Transcript
Transcript for John Loveless autobiographical sketch, 1859
. . . and in company with the Saints of God, seek a new home in the unknown regions of a new desert country.
The night before crossing the [Missouri] river we experienced the most severe hail-storm I had ever witnessed; the suffering from cold and exposure tongue or pen cannot describe. But what can not the Saints of God endure while in the discharge of their duties.
On the 24th. I was taken sick with inflamation of the lungs and was near unto death; the brethren, notwithstanding they had administered to me thought that my labors were over and while collected a number of them in a body around my tent conversed about my being consumed by the wolves. I heard them and made up my mind that I would be buried six feet deep in order to cheat the ravenous wolves of their prey. I called to Brother Norton to make known to him my wishes, but could not make him hear. My wife came in and I told her what I wanted. She began crying and said that she could not get along without me and that I must not die. I studied a moment and then told her that I would not. I immediately began to recover and four days later was driving my team. How plain was the power and mercy of God manifested unto me.
On arriving near the Elk Horn River we found a perfect sea of water. This year, 1851, almost the entire country was flooded with water; consequently, we had to go around the Elk Horn River and explore an entirely new route, traveling North so far that we got into the Bluffs and hills of deep sand, Sage Brush, Greasewood.
But our most serious difficulties were in encountering enormous herds of wild Buffalo. It seemed sometimes as if the whole face of the country was, covered with them. We had to send men ahead to disperse them in order that we might drive through with our teams.
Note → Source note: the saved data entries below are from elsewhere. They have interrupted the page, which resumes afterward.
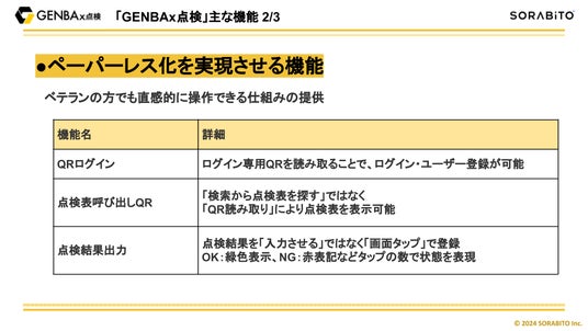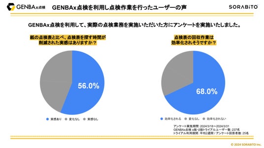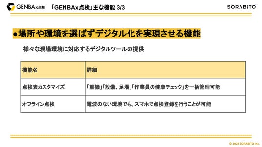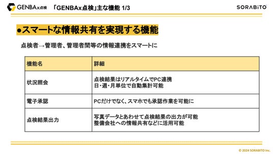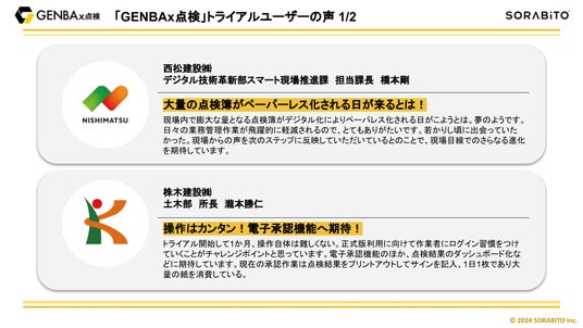 SORABITO株式会社(代表取締役:博多一晃、本社:東京都中央区、以下「SORABITO」)は、建設現場における安全点検の管理業務を効率化する新サービス「GENBAx点検」をこの度正式にリリースすることをお知らせいたします。2023年12月のブランド発表以降、多くの建設会社様に実際の建設現場で本サービスのトライアル版をご利用をいただき、ユーザーからの声を大いに生かしつつ開発を進めて参りました。SORABITOは、本サービスを通じ建設現場の安全性及び生産性の向上に貢献するとともに、建設業において喫緊の課題となっている所謂「2024年問題」の解決にも寄与して参ります。
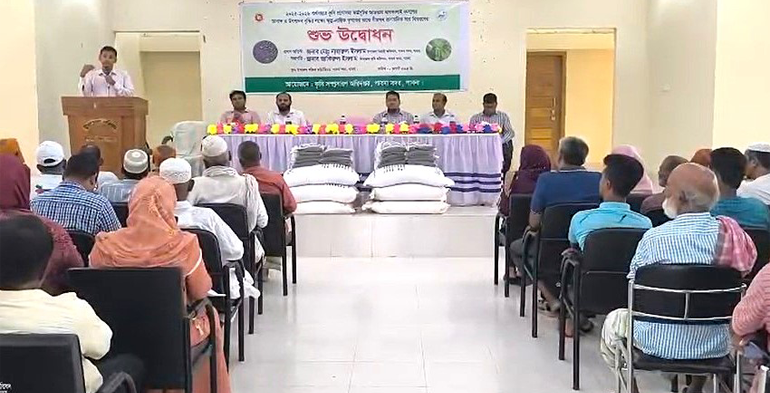 মোঃ গোলাম আরিফ: ২৮ আগস্ট ২০২৫ পাবনা সদর উপজেলায় ২০২৫-২৬ অর্থবছরে কৃষি প্রণোদনা কর্মসূচির আওতায় কৃষকদের মাঝে বিনামূল্যে বীজ ও রাসায়নিক সার বিতরণের শুভ উদ্বোধন অনুষ্ঠিত হয়। খরিপ-২ মৌসুমে মাষকালাই ফসলের আবাদ ও উৎপাদন বৃদ্ধির লক্ষ্যে এ কার্যক্রমের উদ্বোধন করেন মোঃ নাহারুল ইসলাম, উপজেলা নির্বাহী অফিসার, পাবনা সদর, পাবনা।
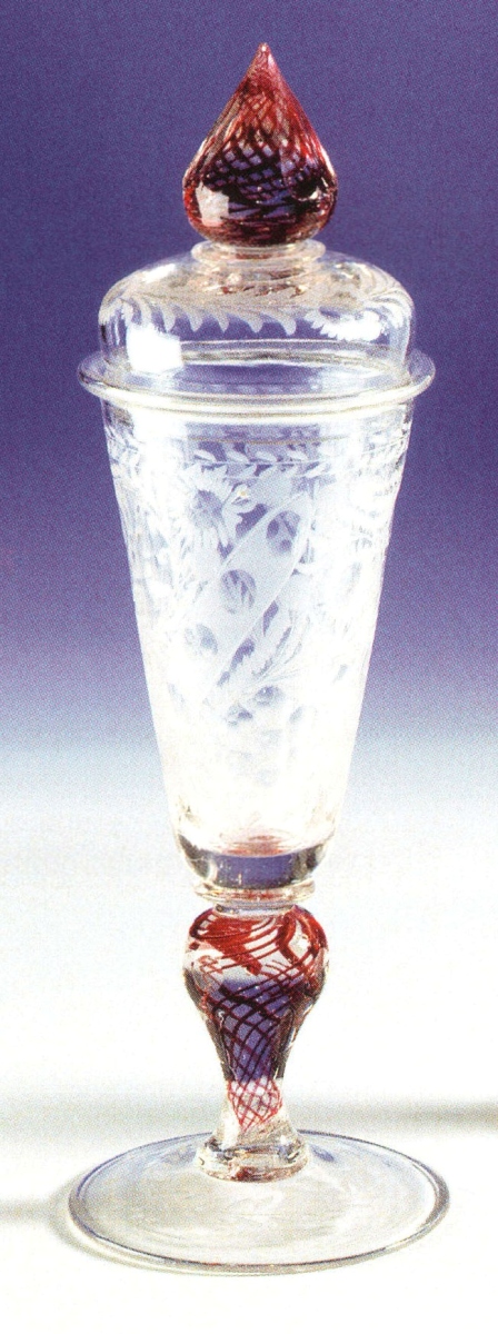 VERRE À PIED COUVERT en cristal taillé de Bohême.

We succeeded in doing so without serious accident and after traveling as near as we could judge about three hundred miles, we again struck the road about one hundred eighty miles from where we had left it about two months after having done so, we continued our journey for Great Salt Lake City, blessed in every undertaking and good spirit prevailing all of the time. All enjoyed good health, met with no losses of consequence and on the fifteenth day of September, 1851, we arrived in Salt Lake City.